Regarding efficiency: We thank you for the important question. The Reviewer is correct that one of the advantages of SSMs is their efficiency compared with transformers. In our paper, we provided the training and inference runtimes of GRAMA, including a comparison with other types of methods, from linear MPNNs (GCN and GatedGCN), to graph transformers (GPS). These results are shown in Table 9 and Table 10 in Appendix E.3. Furthermore, we have also discussed the theoretical complexity of GRAMA in Appendix E.3. Following your question, as well as Reviewer’s c8Wb suggestion, we moved the main discussion to the main paper, and we better refer to Appendix E.3 from the main paper.

审稿人评论

2025-04-09

I thank the authors for their detailed responses, which addressed most of my concerns and these results should be included in the revised manuscript. I find that the proposed method can still be interesting for people studying sequence models on graphs. Therefore, I will increase my rating.

作者评论

2025-04-09

We thank the Reviewer for the response to our rebuttal and for increasing their rating. We added the results and discussions provided in our responses to the revised paper, and we think that the constructive feedback helped us to improve the paper.

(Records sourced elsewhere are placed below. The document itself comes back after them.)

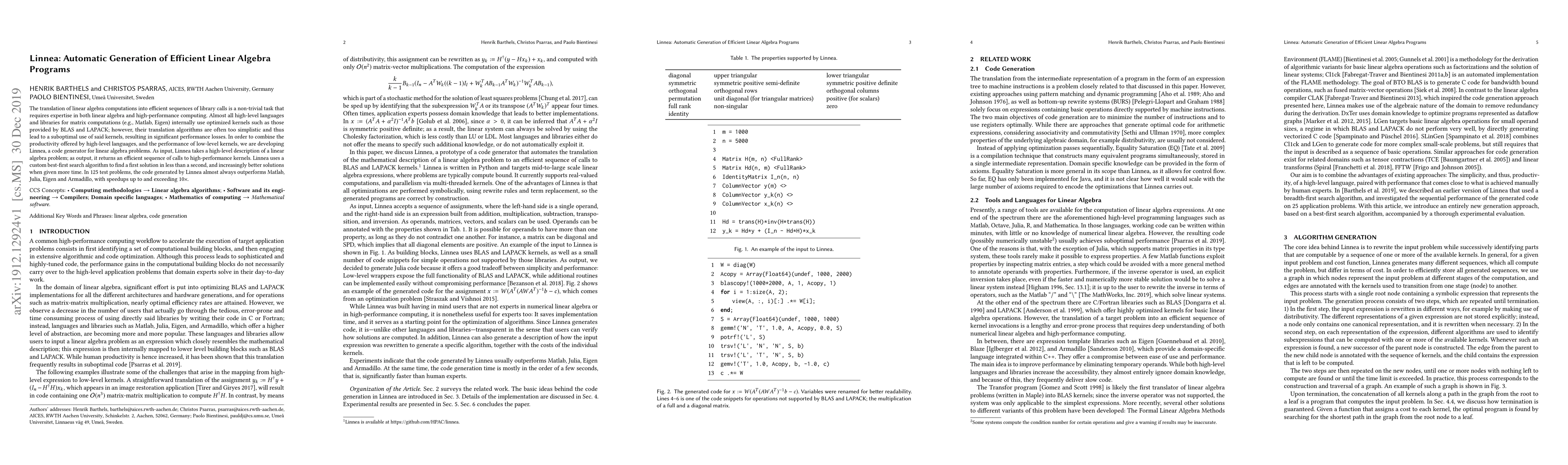 Linnea is a code generator designed to automatically produce efficient linear algebra programs from high-level descriptions, outperforming traditional libraries like Matlab and Eigen by leveraging optimized low-level kernels. It employs a best-first search algorithm to achieve significant performance gains, often exceeding 10x in speed.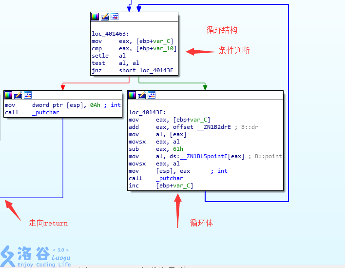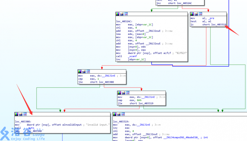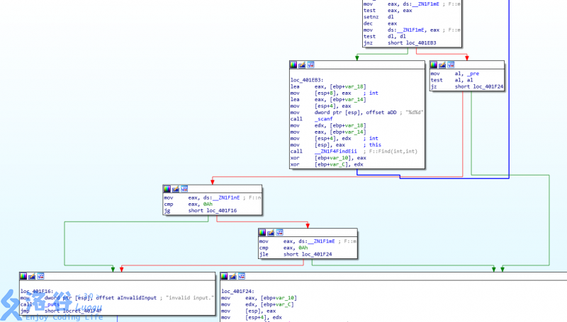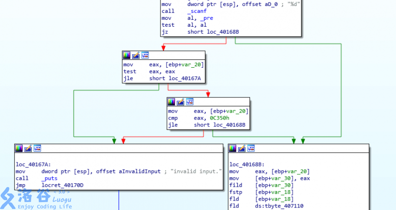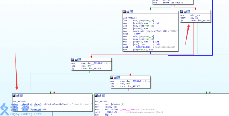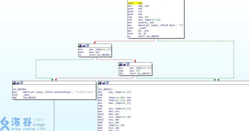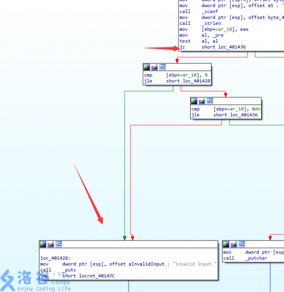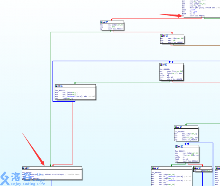 我也看不懂流程图能看懂就行,赫然入目的是最左面的结构中的一个字符串invalid input!我们追根溯源,发现带领我们进入这干扰我们切题的毒瘤恶魔的一句话是最上面的框框里的最后一句话:jz short loc_4014C3解释一下这句话,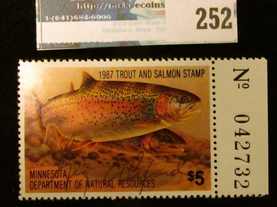 1987 Artist Signed Trout and Salmon Stamp Minnesota Department of Natural Resources. Mint condition, with panel number.

Thank you.

With warm regards,

Authors.

最终决定Accept (spotlight poster)

2025-05-01

This paper proposes a graph state space model based on an autoregressive moving average framework. Overall, all reviewers acknowledged that the technical contributions and empirical results are solid. The main concerns raised were: (1) limited discussion of related state space models (SSMs) or sequence models for graphs, (2) missing results on some widely-used benchmarks, (3) lack of comparisons with key baselines, and (4) insufficient justification for certain architectural choices.

The authors’ rebuttal effectively addressed most of these concerns, leading to a consensus among the reviewers in favor of acceptance. After carefully reading the reviews and discussion, the AC agrees with this assessment and recommends acceptance.